The chief justice also carries himself in a manner that reflects his advice. He chooses his words carefully. He speaks in a measured cadence that matches his neatly parted hair and handsome smile. He is deliberate and calm, not just in his public remarks but in his work as a judge—and as a partisan. Roberts declines to raise his voice or lose focus, because he understands politics as a complex game of strategy measured in generations rather than years. He also recognizes, but will never admit, that although politics is not the same thing as law, the two blend together like water and sand. More than 13 years into his tenure as chief justice, Roberts remains a serious man and a person of brilliance who struggles, under increasing criticism from all sides, to balance his loyalty to an institution with his commitment to an ideology.

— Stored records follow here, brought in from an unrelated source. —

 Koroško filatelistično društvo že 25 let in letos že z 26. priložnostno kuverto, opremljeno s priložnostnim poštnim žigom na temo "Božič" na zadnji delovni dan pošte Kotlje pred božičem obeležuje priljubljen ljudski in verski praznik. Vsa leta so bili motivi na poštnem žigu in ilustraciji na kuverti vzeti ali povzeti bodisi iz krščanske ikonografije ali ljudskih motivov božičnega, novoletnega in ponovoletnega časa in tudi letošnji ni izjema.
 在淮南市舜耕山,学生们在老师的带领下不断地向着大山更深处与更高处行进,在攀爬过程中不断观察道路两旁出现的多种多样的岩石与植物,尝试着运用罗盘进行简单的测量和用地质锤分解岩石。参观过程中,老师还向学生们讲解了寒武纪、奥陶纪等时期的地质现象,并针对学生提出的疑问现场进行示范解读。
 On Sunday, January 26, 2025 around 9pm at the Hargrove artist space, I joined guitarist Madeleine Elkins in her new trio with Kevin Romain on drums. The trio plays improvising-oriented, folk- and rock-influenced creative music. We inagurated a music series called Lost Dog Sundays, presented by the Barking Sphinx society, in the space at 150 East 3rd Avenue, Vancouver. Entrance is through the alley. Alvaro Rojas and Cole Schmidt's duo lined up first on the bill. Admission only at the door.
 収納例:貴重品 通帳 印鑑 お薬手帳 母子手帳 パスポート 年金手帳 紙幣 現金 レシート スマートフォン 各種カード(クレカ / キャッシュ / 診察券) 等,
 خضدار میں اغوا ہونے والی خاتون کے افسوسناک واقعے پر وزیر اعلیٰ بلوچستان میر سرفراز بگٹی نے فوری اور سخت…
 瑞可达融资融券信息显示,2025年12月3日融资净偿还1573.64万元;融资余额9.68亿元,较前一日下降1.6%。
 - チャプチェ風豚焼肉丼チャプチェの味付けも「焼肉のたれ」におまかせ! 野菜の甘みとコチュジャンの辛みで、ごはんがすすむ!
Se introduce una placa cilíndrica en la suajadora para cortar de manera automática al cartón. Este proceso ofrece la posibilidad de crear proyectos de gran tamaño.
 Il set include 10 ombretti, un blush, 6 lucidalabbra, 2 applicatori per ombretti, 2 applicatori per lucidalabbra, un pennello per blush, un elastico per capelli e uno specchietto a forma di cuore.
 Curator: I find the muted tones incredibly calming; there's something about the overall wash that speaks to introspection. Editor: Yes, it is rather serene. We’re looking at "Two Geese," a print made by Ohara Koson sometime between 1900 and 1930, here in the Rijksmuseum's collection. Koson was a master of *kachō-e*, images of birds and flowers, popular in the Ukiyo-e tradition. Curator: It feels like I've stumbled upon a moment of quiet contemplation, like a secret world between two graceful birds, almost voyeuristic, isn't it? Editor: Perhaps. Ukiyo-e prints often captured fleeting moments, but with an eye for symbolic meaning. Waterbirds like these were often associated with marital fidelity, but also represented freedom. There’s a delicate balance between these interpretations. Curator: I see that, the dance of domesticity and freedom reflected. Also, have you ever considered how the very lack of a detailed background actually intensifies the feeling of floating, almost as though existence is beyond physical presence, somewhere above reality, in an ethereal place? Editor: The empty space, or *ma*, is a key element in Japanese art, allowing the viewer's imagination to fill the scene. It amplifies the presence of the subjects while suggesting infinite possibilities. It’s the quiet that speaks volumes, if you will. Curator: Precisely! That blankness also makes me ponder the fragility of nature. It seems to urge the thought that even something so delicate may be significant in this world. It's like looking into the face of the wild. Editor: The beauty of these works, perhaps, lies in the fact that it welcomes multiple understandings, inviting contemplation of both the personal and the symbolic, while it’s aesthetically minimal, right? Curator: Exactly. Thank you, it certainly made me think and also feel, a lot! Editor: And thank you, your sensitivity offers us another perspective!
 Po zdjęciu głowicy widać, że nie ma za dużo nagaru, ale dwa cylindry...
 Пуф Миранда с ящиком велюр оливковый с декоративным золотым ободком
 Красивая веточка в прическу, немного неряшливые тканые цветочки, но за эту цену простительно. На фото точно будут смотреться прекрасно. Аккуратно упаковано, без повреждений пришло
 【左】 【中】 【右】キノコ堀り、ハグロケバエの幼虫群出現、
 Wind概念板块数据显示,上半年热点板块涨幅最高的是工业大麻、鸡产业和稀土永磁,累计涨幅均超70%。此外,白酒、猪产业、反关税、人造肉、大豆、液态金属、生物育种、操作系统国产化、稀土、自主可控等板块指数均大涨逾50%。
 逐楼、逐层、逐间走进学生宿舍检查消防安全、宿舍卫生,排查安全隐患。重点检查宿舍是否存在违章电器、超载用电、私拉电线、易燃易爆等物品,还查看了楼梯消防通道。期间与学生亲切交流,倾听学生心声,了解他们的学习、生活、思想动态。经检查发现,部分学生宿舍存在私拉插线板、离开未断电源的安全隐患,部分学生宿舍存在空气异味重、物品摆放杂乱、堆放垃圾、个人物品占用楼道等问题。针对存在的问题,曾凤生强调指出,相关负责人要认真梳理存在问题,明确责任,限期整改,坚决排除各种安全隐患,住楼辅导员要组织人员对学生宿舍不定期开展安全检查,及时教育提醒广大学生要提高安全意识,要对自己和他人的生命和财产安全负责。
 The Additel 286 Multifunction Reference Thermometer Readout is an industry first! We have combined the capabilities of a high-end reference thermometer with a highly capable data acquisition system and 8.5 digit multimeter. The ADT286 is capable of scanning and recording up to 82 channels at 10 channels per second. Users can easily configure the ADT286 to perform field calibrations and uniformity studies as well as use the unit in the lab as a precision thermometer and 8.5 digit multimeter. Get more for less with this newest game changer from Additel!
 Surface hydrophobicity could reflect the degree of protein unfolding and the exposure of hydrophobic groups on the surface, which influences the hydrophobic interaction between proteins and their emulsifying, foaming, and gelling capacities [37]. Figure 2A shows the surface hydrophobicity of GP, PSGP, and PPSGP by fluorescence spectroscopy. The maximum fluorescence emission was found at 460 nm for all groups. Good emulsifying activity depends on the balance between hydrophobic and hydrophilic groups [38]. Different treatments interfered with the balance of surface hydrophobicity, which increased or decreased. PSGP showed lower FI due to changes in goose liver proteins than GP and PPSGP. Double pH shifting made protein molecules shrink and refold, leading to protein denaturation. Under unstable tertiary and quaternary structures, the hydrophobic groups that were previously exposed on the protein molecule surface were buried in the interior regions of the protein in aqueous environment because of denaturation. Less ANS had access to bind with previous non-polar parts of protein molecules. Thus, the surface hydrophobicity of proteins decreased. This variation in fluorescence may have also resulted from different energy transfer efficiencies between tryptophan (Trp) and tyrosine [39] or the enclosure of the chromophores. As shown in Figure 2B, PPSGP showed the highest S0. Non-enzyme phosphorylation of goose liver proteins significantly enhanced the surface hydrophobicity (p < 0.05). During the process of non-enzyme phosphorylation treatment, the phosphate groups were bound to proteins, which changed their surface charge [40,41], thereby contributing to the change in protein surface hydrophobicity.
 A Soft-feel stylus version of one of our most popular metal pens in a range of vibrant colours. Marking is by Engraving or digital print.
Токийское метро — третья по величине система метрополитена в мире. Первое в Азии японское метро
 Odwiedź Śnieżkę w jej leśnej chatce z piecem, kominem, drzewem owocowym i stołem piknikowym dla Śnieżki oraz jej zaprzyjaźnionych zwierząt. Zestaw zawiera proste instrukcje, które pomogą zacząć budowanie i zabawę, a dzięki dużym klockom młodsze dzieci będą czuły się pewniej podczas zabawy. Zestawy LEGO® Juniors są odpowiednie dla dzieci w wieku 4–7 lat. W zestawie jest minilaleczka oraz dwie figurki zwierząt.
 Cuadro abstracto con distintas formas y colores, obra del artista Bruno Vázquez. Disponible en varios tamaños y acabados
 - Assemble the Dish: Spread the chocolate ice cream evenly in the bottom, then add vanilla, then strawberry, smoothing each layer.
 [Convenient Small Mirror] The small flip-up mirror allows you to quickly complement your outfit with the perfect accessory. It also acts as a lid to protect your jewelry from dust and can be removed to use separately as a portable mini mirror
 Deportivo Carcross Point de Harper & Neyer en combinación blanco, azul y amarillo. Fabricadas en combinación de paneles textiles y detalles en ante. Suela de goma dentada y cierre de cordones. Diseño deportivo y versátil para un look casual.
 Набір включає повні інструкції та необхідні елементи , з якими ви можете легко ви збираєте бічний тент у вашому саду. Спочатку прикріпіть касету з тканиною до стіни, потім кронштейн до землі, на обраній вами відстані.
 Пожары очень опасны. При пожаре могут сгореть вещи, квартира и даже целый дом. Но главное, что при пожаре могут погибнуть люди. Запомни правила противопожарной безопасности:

The first biography of Roberts has arrived, Joan Biskupic’s The Chief. It will not be the last. A well-reported book, it sheds new light but is premature by decades. (Biskupic is a legal analyst for CNN.) As our attention spans dwindle to each frantic day’s headlines, we can forget that the position of chief justice is one of long-term consequence. Only 17 men have filled that role, and they have presided over moments of national crisis, shaping our government’s founding structure (John Marshall), hastening its civil war (Roger Taney), responding to the Great Depression (Charles Evans Hughes), and enabling the civil-rights revolution (Earl Warren).
Roberts seems ever likelier to face an equally daunting test: confronting a president over the value of the law itself. [Continue reading…]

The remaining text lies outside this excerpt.